Mas na nossa visão, a melhor “aposta” é sempre em IPCA+ com duração média/longa (5,6,7 de duration), pois garantir um ganho real de 7% acima da inflação no Brasil para um período estendido costuma superar o CDI com “folga” em muito pouco tempo.
Para o investidor conservador, pode mirar sempre em ativos mais curtos, mas possivelmente não poderá garantir uma excelente rentabilidade por muito tempo. Este terá sempre que ir readequando a carteira conforme os ciclos de mercado.

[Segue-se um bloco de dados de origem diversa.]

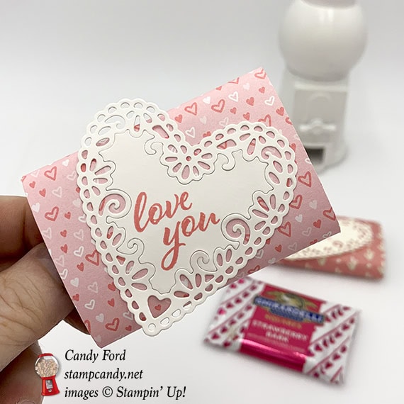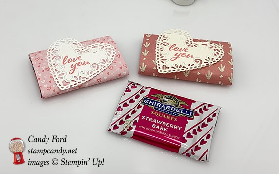 Today I’m sharing an extremely simple little treat holder. It’s basically a piece of Designer Series Paper (DSP) wrapped around a Ghirardelli square, with a die cut heart and stamped sentiment. I made a couple of versions: one with All My Love paper DSP and a Whisper White card stock (CS) heart, and one with Needlepoint Nook DSP and a Very Vanilla CS heart. I stamped the sentiment from the in Flirty Flamingo ink.
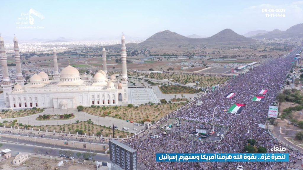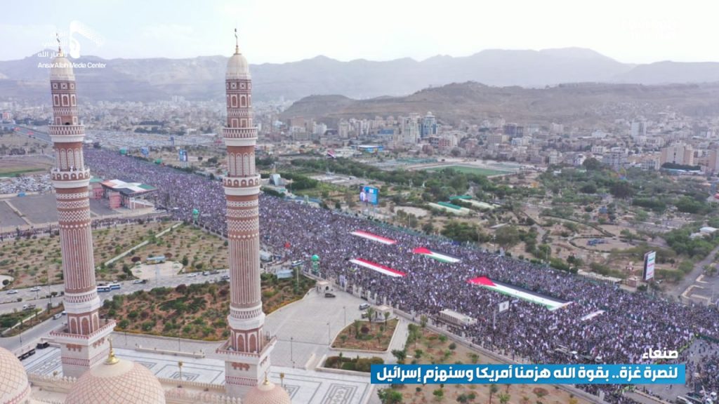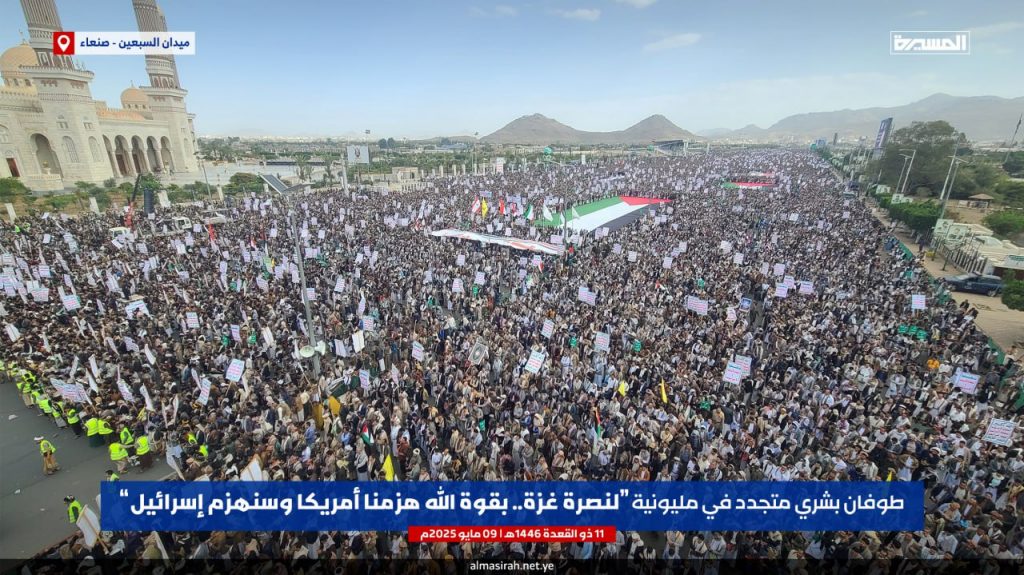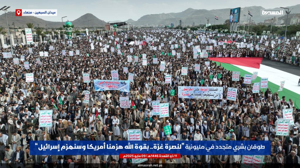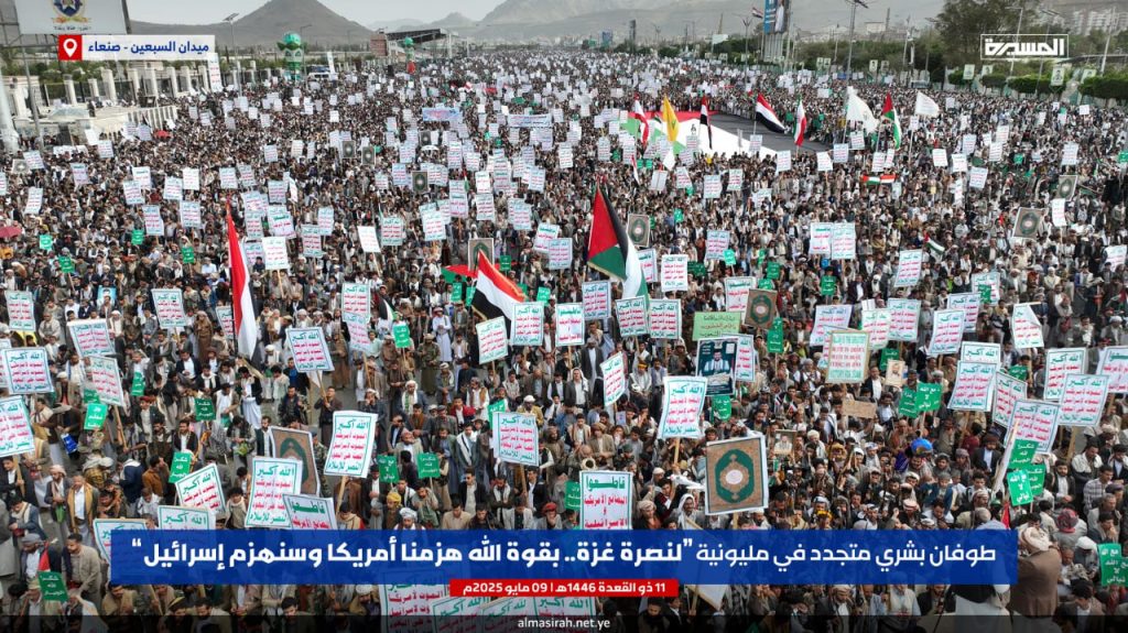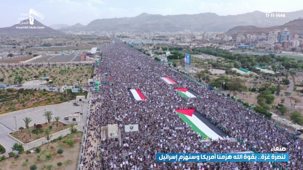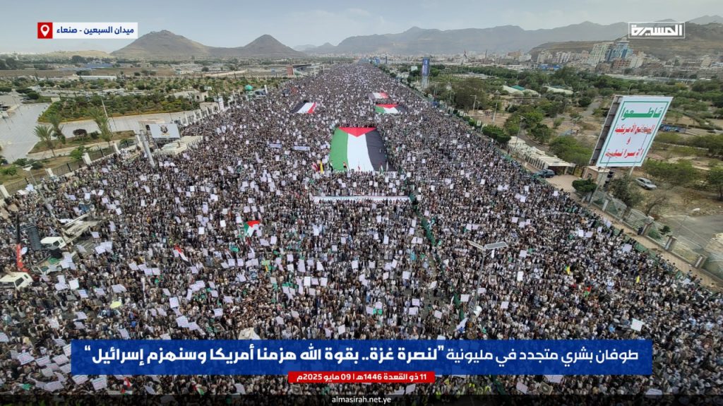 احتفالا بالفشل الأمريكي.. مسيرة مليونية بالعاصمة صنعاء تحت شعار “لنصرة غزة.. بقوة الله هزمنا أمريكا وسنهزم إسرائيل”

Para o investidor mais moderado/arrojado, faz muito sentido entrar em papéis mais longos atualmente. O motivo é simples: o patamar de taxas está muito atrativo. A possibilidade de garantir 7% acima da inflação, ou 14% a.a. nas pré-fixadas, parece ser uma oportunidade ímpar para perpetuação, proteção e multiplicação do patrimônio.
O fim do ciclo de alta possibilitará que investidores “travem” as taxas em patamares próximos da SELIC atual, podendo surfar esses juros de 14/15% ao ano por mais tempo. Com a expectativa do mercado precificando uma Selic de 12,5% para final de 2026, o momento é excelente para mirar em pré-fixados de 2/3/4 anos remunerando 14/15% a.a.
Jeff Patzlaff, planejador financeiro CFP e especialista em investimentos
Com a Selic em um patamar histórico de 15%, os ativos pós‑fixados atrelados ao CDI/Selic são os mais seguros e líquidos do mercado, ideais para reserva de emergência ou oportunidades, pois oferecem disponibilidade diária com rendimento robusto.
Já, títulos atrelados a inflação, embora as taxas tenham recuado, ainda oferecem proteção real contra a inflação, com a inflação resistente em 2025 e juros permanentes no teto, são boas para objetivos de médio e longo prazo.
Em relação aos títulos prefixados, o investidor deve tomar cuidado com a marcação a mercado que é mais volátil. Com a janela de oportunidade entre juros futuros e expectativas de queda, estes títulos podem oferecer ganho se mantidos até o vencimento. Mas é prudente ter cautela, escolher prazos curto-médio, evitando exposição prolongada a volatilidade.
Já falando de crédito privado, é importante continuar acompanhando o desdobrar da MP, que pode estabelecer o fim da isenção em alguns títulos, mas eles ainda são interessantes. Por enquanto, o investidor deve procurar instituições sólidas, ou seja, bons emissores, com taxa acima do CDI, considerando isenção e liquidez.
Revise semestralmente a carteira, especialmente após Copom e fique de olho no cenário macro, rebalance caso inflação, Selic ou expectativas mudem, migrando entre Selic, prefixado e IPCA+ conforme cenário, e considere imposto de renda e liquidez para evitar resgates antes do vencimento que exponham a perdas.